I should clarify something important about our design: we are just comparing reaction times within-participants so consistent lag does not matter. Accuracy between participants does not matter so much but a good enough precision within-participants is important.

Reading “The Timing Mega Study”, we felt confident that psychoJS could give us the precision we are looking for in the measuring reaction times since the onset of the target, and we have made a plan to run a large number of studies online to get around the small variance in the precision of the reaction times.

With this in mind, do you think that we can get the precision we are looking for in the reaction times? It is clear from the two factors you discuss in the above post, that the accuracy of that response-stimulus-interval will not be good, and I think we can safely ignore this although it is not ideal.
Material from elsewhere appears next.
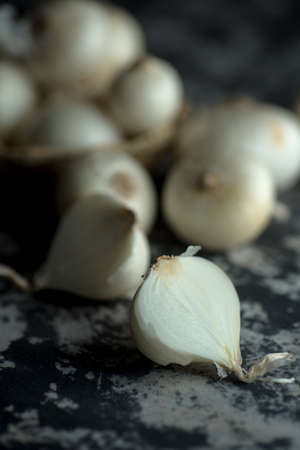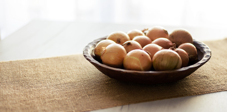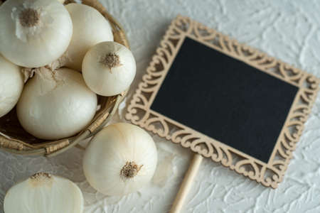 Onions in a wooden bowl with small black board on textured background. Food Ingredients.

Additionally: above I described my attempts at approximating the time of the flip by following the same logic as psychopy’s timeOnFlip() function. Would my above description give us any reasonable approximation?

About your design. Do you want to compare participant RTs across two (or more) discrete within-subjects conditions?

About how to approximate the flip most accurately It works a bit differently online (read about requestAnimationFrame to learn more about that). I examined a couple of methods for approximating the page flip in the online appendix of “Mental Chronometry in the Pocket” (I call a page flip a refresh in that appendix), but the take-home message is “any method is as good as the others”, so the timestamp logged by PsychoJS will be just as good as any of your custom solutions.

hey @thomas_pronk, apologies for missing your reply on this thread, and thanks for helping out, awesome to have your advice. I am still trying to ensure that my design is suitable for the web, and it would be very helpful to hear your thoughts.

Regarding our design: we have a probabilistic serial reaction time task (PSRTT) where we want to compare RTs for the different targets in the PSRTT within-subject, but the condition of these targets is not exactly discrete since we are assigning a continuous value which is constantly changing to each of the targets based on the probabilistic structure of the task. The experiment is similar to replicating the following task in a more simplistic web-based setting:

From your paper, “For relative RT, between-device variation is removed due to RTs being subtracted between conditions within participants.” This idea is why we think our task will be okay, since we assume that the variation of the different devices can be treated like a different intercept in a mixed effect model.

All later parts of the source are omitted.